The ruling is actually bullish because this would protect people using these staking as a service provider. It does not mean Ethereum itself would be a security, but rather the derivative tokens these providers are offering. It also likely means that decentralized staking protocols like LidoFinance and Rocketpool are in the clear as the funds transfers are transparent and onchain. You can see directly where your money is going.
It also means self stakers are well in the clear and have nothing to worry about. Sometimes regulation can be good because it legitimizes the investment options we have. It makes them safer and thus more people are likely to invest more in them because they feel protected.
Coinbase says Kraken news will not affect their staking program, Coinbase CLO, Paul Grewal said they’re willing to fight SEC on this issue.
If SEC bans staking on retail, there will be big ripple effects through the multi-billion dollar staking industry including exchanges, infra firms, protocols, derivative tokens, devs, the big VCs, and all is happening a month before withdrawal is enabled.
Adam Carver, CEO at Bitgreen stated on microblogging platform Twitter;
A ban on staking crypto would do irreparable harm to centralized exchanges who are the only ones attentively trying to behave compliantly with US regulation, and move token flow to decentralized platforms that are offshore and hostile to regulation. Not to mention it would suck the wind out of innovation in the US. The only people who like the idea to prohibit staking are Bitcoin maxis because innovation in blockchain happens on chains that aren’t Bitcoin
Crypto exchange Kraken winding off staking services on its platform following SEC charges will encourage stakers to move from CEXs to DEXs and use decentralized staking protocols. Seems SEC thinks they can ban staking in the United States of America but I think they forgot there’s something called VPN.
Big exchanges like Coinbase wouldnt be able to accumulate large token allocations, decentralizing pools as 11% of coinbase’s stock is staking, this can be the momentum shift for the last leg down on Crypto regulations which proves decentralization will spur widespread crypto adoption.
Staking tends to get misconstrued with unrelated activities like lending, but staking is fundamentally a way for anyone to join in providing security for proof of stake networks.
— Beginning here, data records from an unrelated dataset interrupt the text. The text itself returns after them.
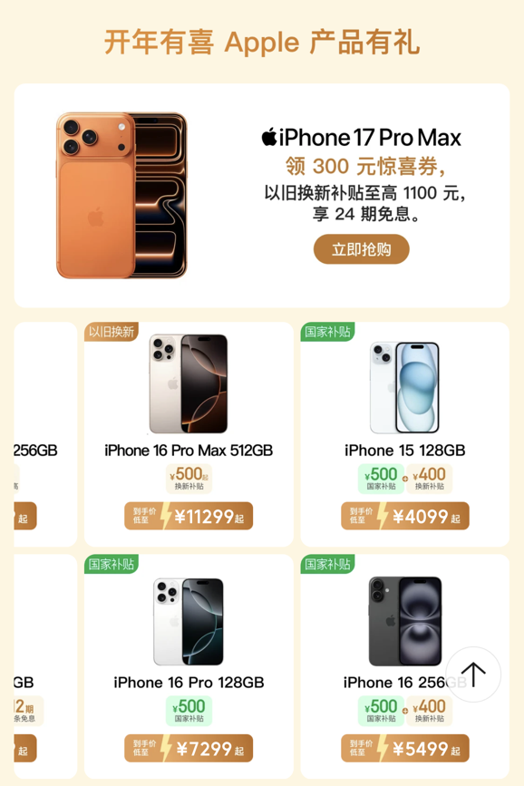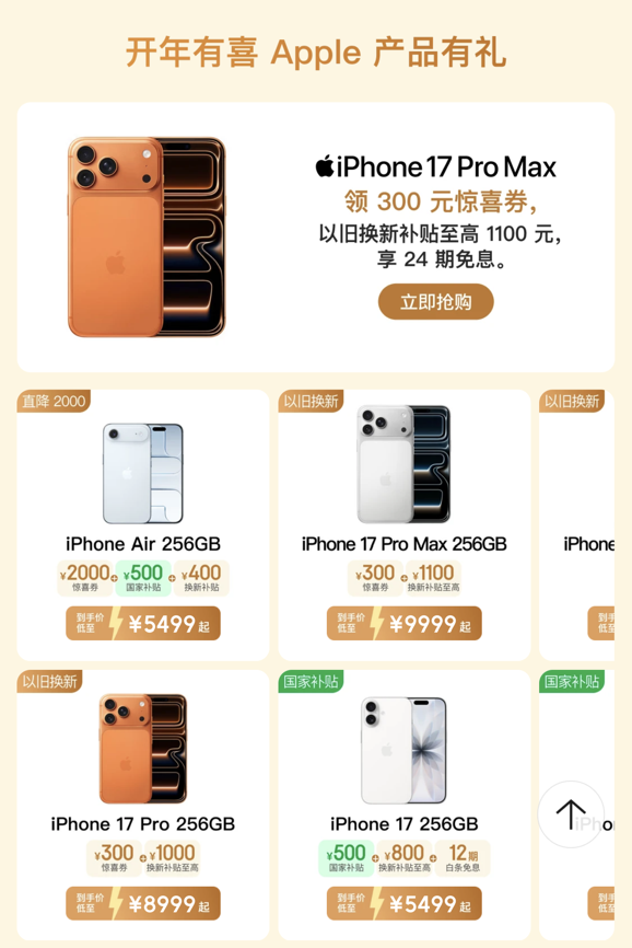 具體而言,iPhone 17系列可領(lǐng)500元國家補貼,加上至高800元的以舊換新補貼,256G版到手低至4699元起。iPhone 17 Pro系列可領(lǐng)300元驚喜券,可疊加1100元的以舊換新補貼,邀請好友可以多得100元以舊換新,至高優(yōu)惠1500元還支持12期免息,256G版到手低至7699元起;iPhone Air至高優(yōu)惠3400元,256G版到手低至4599元起,還可享12期免息福利。
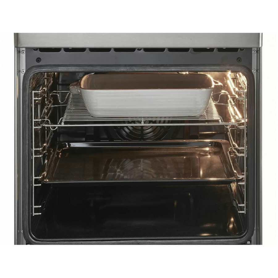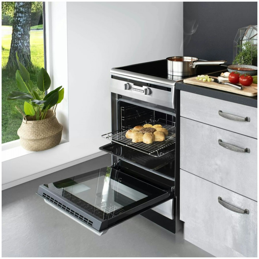 Met het multifunctionele ovensysteem bereid je gerechten op de manier zoals jij dat wilt. Kies één van de 11 verschillende ovenprogramma’s en maak heerlijke gerechten, die je dankzij de 5 insteekniveaus ook nog eens tegelijk bereidt. De kookplaat beschikt over warmhoudfunctie die de gerechten op serveertemperatuur houden. Daarnaast is de kookplaat uitgerust met automatische panherkenning, die ervoor zorgt dat de kookzones uitgeschakeld worden als de pan er vanaf wordt gehaald, en weer aan gaat wanneer de pan er weer op wordt geplaatst.Afmetingen (hxbxd): 850 x 500 x 600 mm.
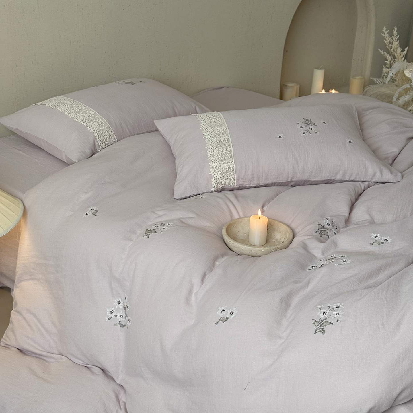 鹿班家居 2025新款秋冬款全棉皱皱纱精密刺绣系列四件套-云舒旧嘢(标准会员-20元) 粉色
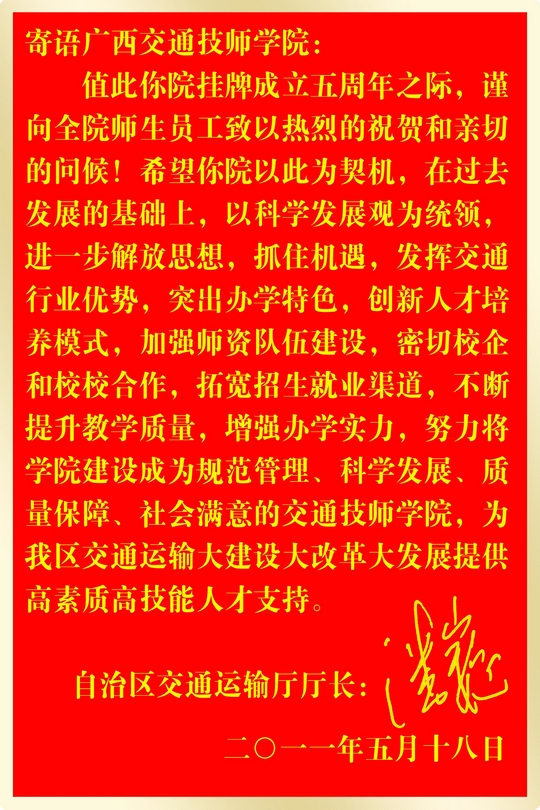 圖6 自(zì)治區交通運輸廳廳長潘巍為我校發來(lái)寄語
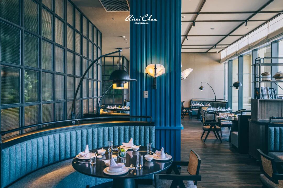 船型接待台搭配金属渔灯,营造出浓郁的渔港风情;餐厅内的区域划分使用了当地渔村特色网格玻璃屏风,搭配海洋蓝木质墙壁,宛如置身渔村人家,创造出海岛渔港的特色用餐体验。
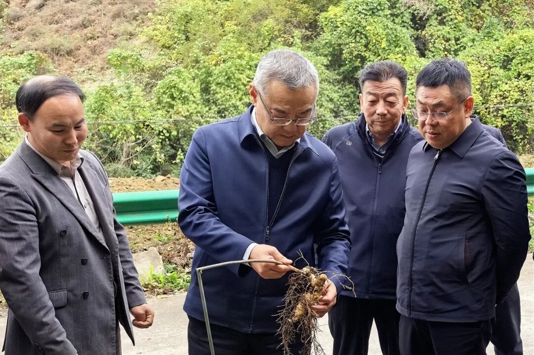 调研组深入牛羊河村龙洞沟片区,现场观摩黄精采挖作业,详细了解林下中药材种植规模、生长周期及市场行情。查看新采收的野菊花及新建的加工储藏设施。该村通过完善产业链条、提升加工能力来增加产品附加值的探索实践获得调研组肯定。
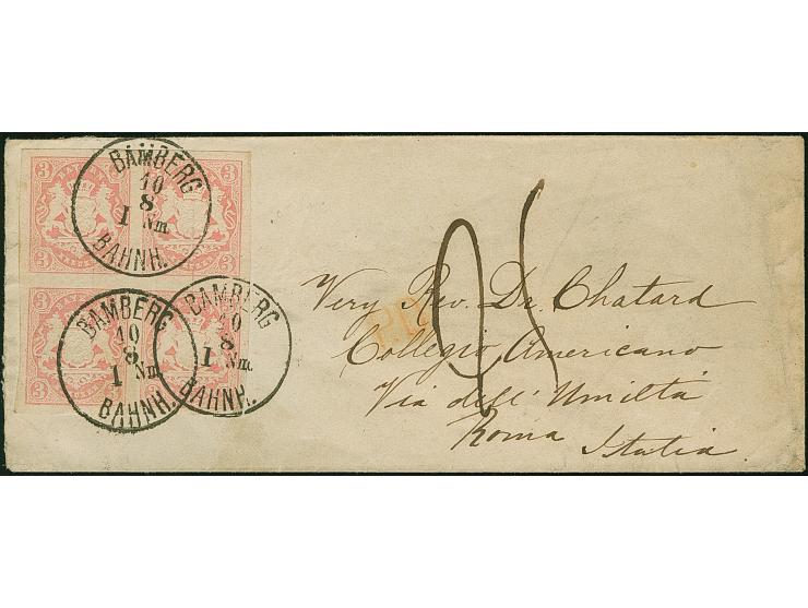 3 Kr. rosa im 4er-Block, farbfrisch und allseits breitrandig, mit sauber aufgesetztem EKr. "BAMBERG BAHNH. 10 8" (1869) auf kleinem Briefkuvert nach Rom im Kirchenstaat. Eine der besten Block-Frankaturen dieser Marke; mit dieser Destination hat PROFI keinen weiteren Beleg registriert.
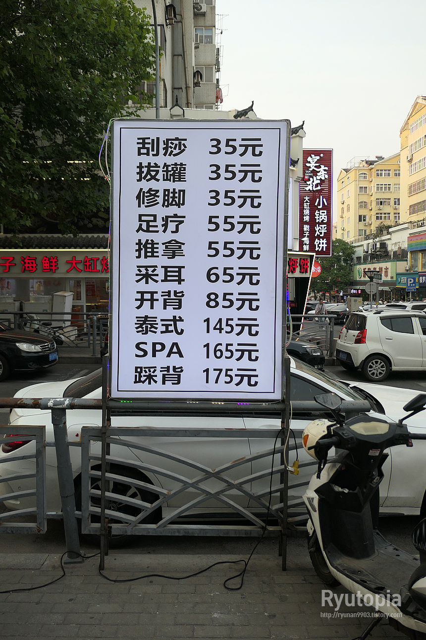 칭다오의 마사지샵도 일단 정찰제를 유지하고 있기 때문에, 가게 앞에 이렇게 가격표가 붙어있다.
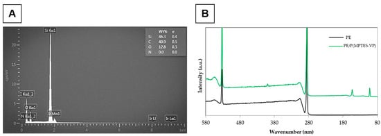 EDS (A) and XPS (B) of PE alone and coated with P(MPTES-VP) particles (60 min of aging).
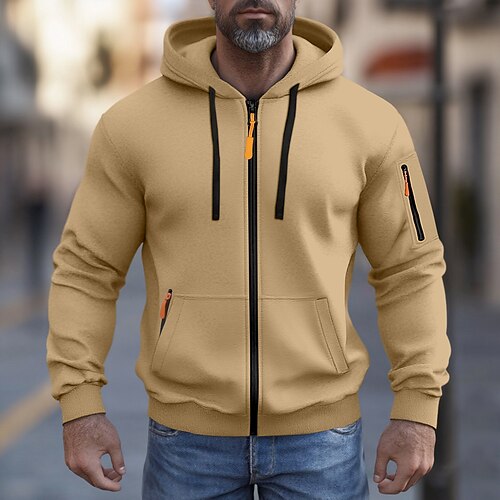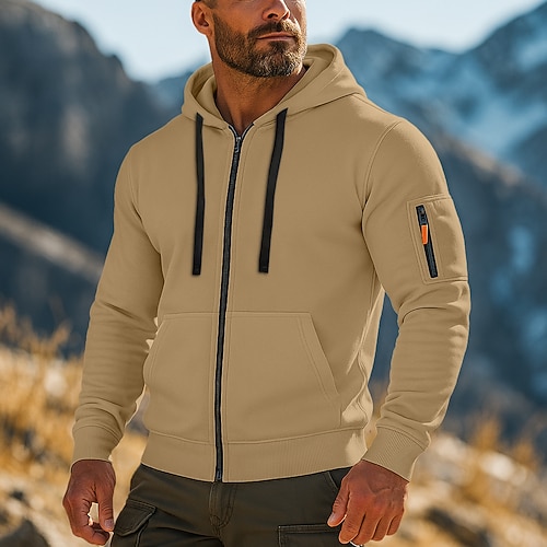 Per uomo Felpa con cappuccio Felpa con cappuccio a zip intera Felpa con cappuccio in pile Felpa con cappuccio tattica Nero Bianco Verde militare Rosso Blu marino Colletto Mao Semplice Cerniera Sport
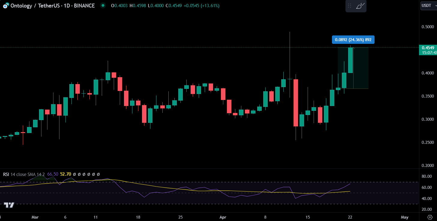 Während die Nachricht ein positiver Schritt nach vorne für das Projekt ist, hat Ontology (ONT) in den letzten 24 Stunden einen erheblichen Kursanstieg von 26 Prozent erlebt. Das Kursdiagramm veranschaulicht eine zinsbullische Tendenz mit einem Aufwärtstrend in den letzten Trading Sessions.
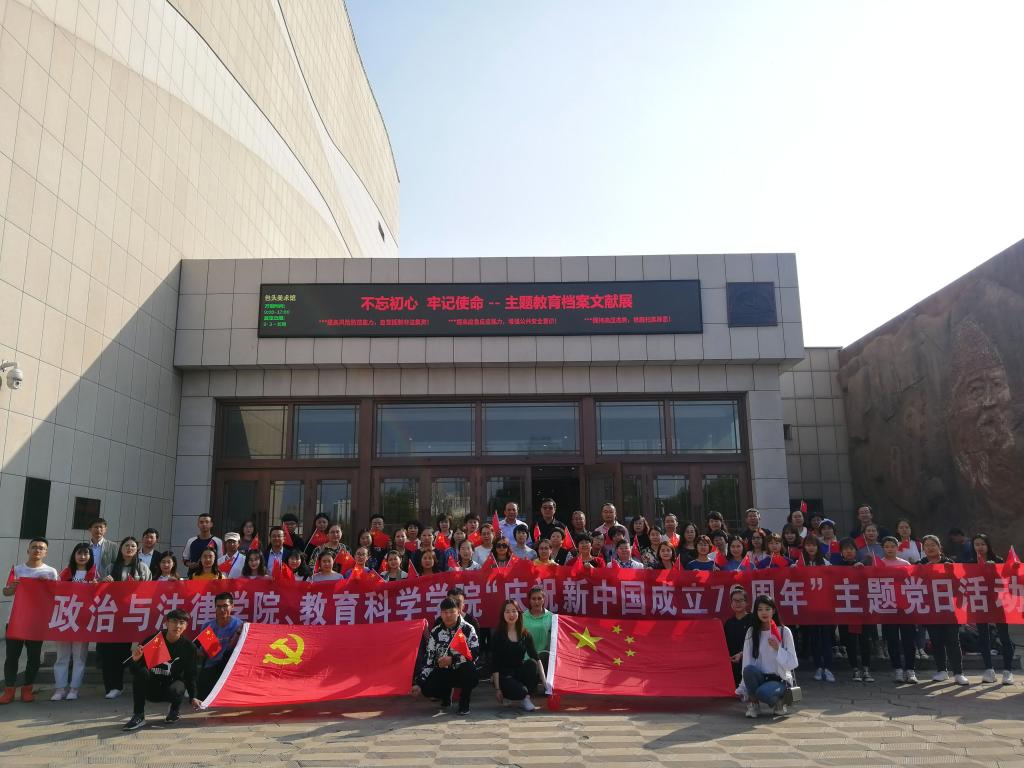 为庆祝中华人民共和国成立70周年,深入学习贯彻习近平总书记关于“不忘初心、牢记使命”主题教育系列重要讲话、重要指示批示精神,推进“不忘初心、牢记使命”主题教育工作,9月29日下午,教育科学学院、政治与法律学院、化学学院党总支联合开展了“献礼七十年”主题党日活动,组织120余名师生党员赴包头美术馆参观“不忘初心 牢记使命”主题教育档案文献展,通过一场思想政治的洗礼,引导广大师生党员发扬革命精神,传承红色基因,以不忘初心、牢记使命的政治责任迈向新征程。
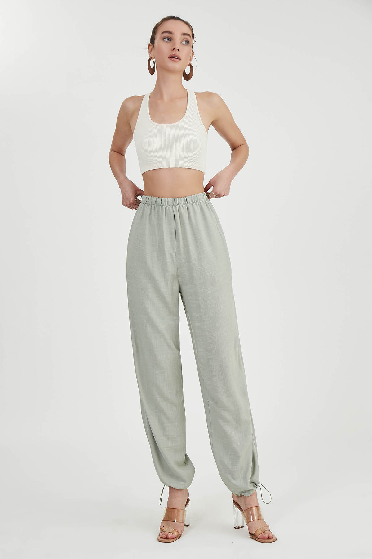 Beli Ve Paçası Lastikli Viskon Keten Pantolon
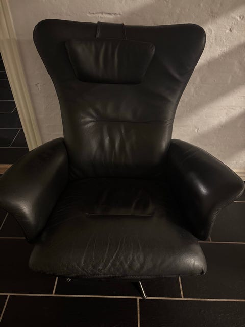 Ældre lænestol i sort læder
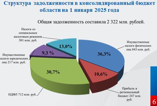 В прошлом году работа по взысканию долгов налогоплательщиков велась совместно с администрациями муниципалитетов, прокуратурой и следственных органов. За год задолженность в консолидированный бюджет Калужской области снизилась на 300 млн. рублей (на 11,4%) и составила 2 млрд. 322 млн. рублей.
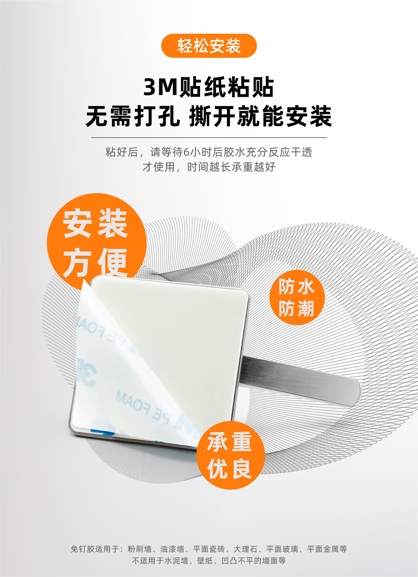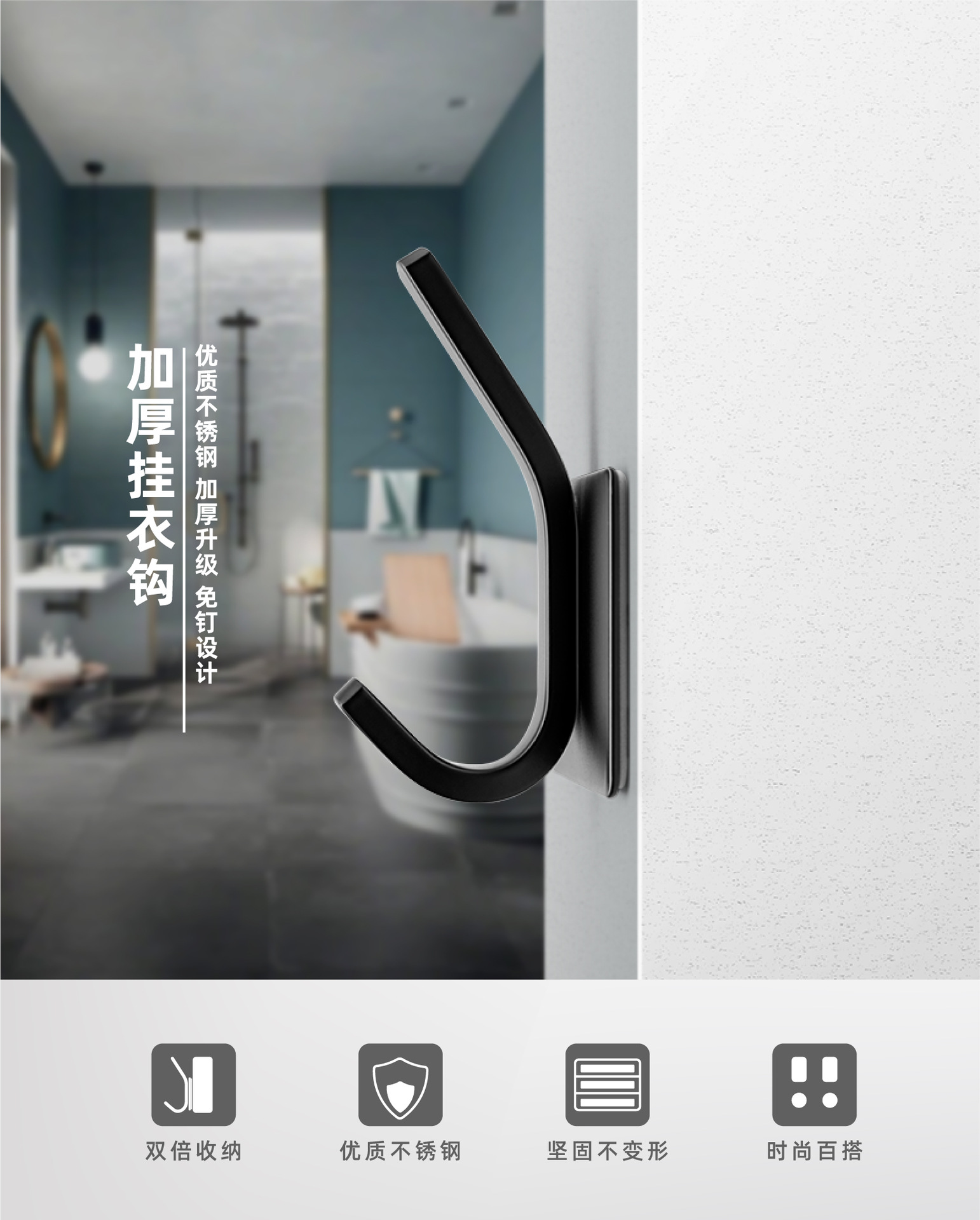 304不锈钢挂钩U型钩免打孔挂衣钩金属无痕创意墙壁衣服排钩单钩 商品图4
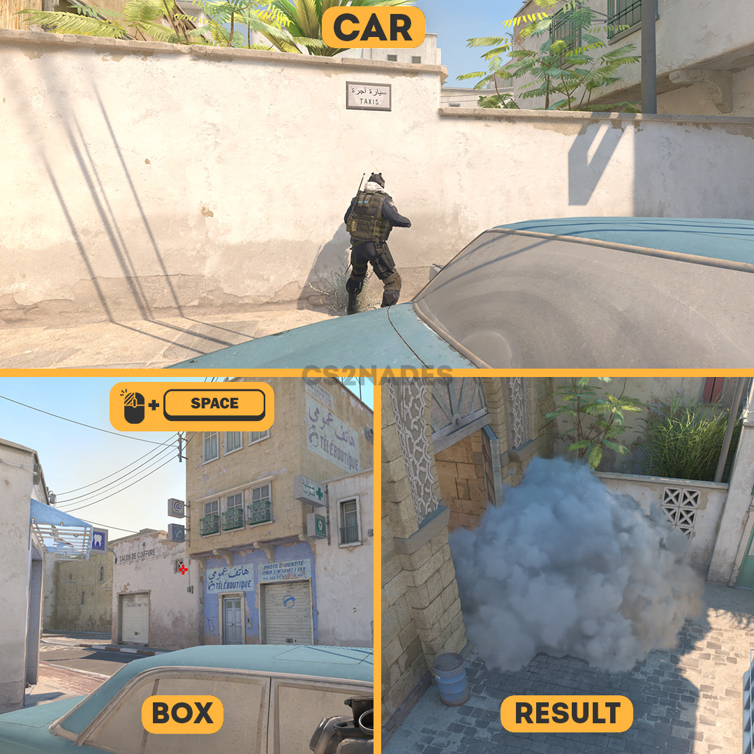 This smoke lineup from Car covers box on Dust2 in CS2. On CT side, this smoke helps hold the site by cutting off key approach angles. The throw uses a left-click + jump technique, so practice the position and timing in a private server before your match. Includes crosshair placement, video guide, and setpos command.

The SEC didn’t “ban staking.” The SEC enforced action on financial intermediaries offering, in this case, staking-as-a-service (or: custodial staking) programs, which has nothing to do with non-custodial staking or protocols themselves, Antoni Zolciak Cofounder Aleph Zero noted.
Interestingly, U.S. Rep. Bill Huizenga stated that “since Gary Gensler won’t abide by his own polices to “come in and talk”, the House GOP will hold him accountable.
I’d bet if the SEC got off their asses and defined clear regulation for centralized exchanges, they’d comply. How can the IRS define crypto as property, and SEC call them securities. Stocks aren’t property.
The SEC have allowed so much to continue to happen. Don’t look into Darkpools, Naked Shorting, All Citadel’s businesses are basically monopolizing the stock market and astronomical conflicts of interests. Gary Gensler is legislating through enforcement. He ignores bad actors and shuts down honorable crypto businesses to grab headlines.